Orang Kebumen pergi ke Jepang, mules karena makanan pesawat
Pada September 2024 lalu, saya mengikuti sebuah program relawan di Jepang yang diadakan oleh sekolah saya. Salah satu culture shock saya sebagai orang Kebumen yang masih membekas ya perkara kloset duduk in
Sewaktu mendarat di Jepang, saya menderita mules parah karena tidak cocok dengan makanan pesawat. Otomatis saya berlari mencari toilet terdekat setelah keluar dari pintu kedatangan sebuah bandara di Jepang. Untung saya lekas bisa menemukan toilet.
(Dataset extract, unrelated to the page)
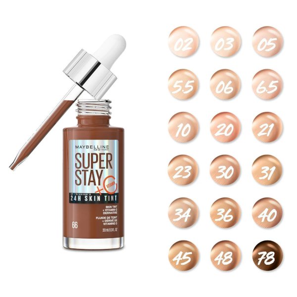 Introducing the non-stop super drop, Super Stay up to 24H Skin Tint Foundation! Vitamin C* infused vegan formula*** brightens and delivers beautiful skin-like coverage that lasts all day. 95 % said skin looks healthy**. Weightless feel. Resists sweat, humidity and fading. Suitable for all skin types, even sensitive skin. *Vitamin C derivative **In a consumer test. After 4 weeks of daily use. *** Vegan formula: No animal derived ingredients or by-products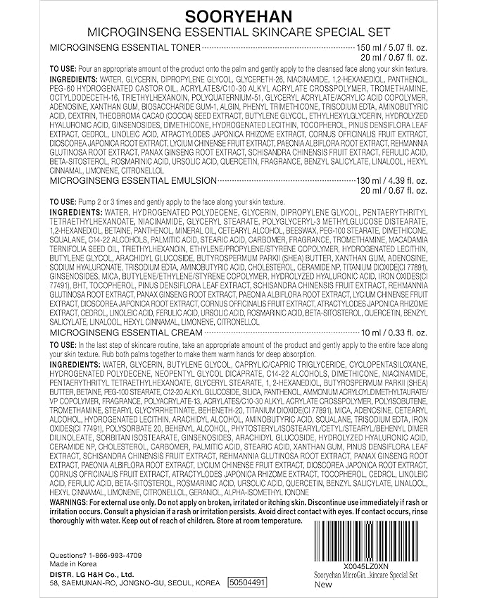 - SOORYEHAN MICRO GINSENG ESSENTIAL SKINCARE SPECIAL SET - Essential Skin (5.0 fl oz + 0.67 fl oz) & Essential Emulsion (4.4 fl oz + 0.67 fl oz) & Essential Cream (0.34 fl oz). This luxurious skincare set harnesses the power of Micro Ginseng and advanced herbal ingredients to boost skin density and elasticity. Formulated to deeply nourish and revitalize, it delivers essential moisture for a radiant and youthful complexion.

Ketika membuka pintu toilet dan mengintip keadaan di dalam, mules yang sejak tadi saya tahan-tahan mendadak urung seketika. Berhadapan dengan kloset duduk dengan tombol-tombol berbahasa Jepang membuat kebingungan saya jauh lebih besar ketimbang rasa mules yang sebelumnya menyerang.
Kaget ada tiba-tiba “disemprot” dari bawah
Saya mencoba menceermati satu persatu tombol di kloset itu. Tapi percuma saja. Saya lebih fasih melafalkan bahasa ngapak khas Kebumen ketimbang bahasa Jepang.
Karena kebutuhan buang hajat harus tetap terealisasi, maka saya alihkan segala kekagetan dan kebingungan itu. Saya mencoba membuat diri saya nyaman dengan mencoba duduk sepenuhnya di kloset tersebut—tidak memaksakan diri untuk jongkok.
Setelah merasa cukup membuang hajat, saya coba tekan satu persatu tombol yang ada di kloset itu.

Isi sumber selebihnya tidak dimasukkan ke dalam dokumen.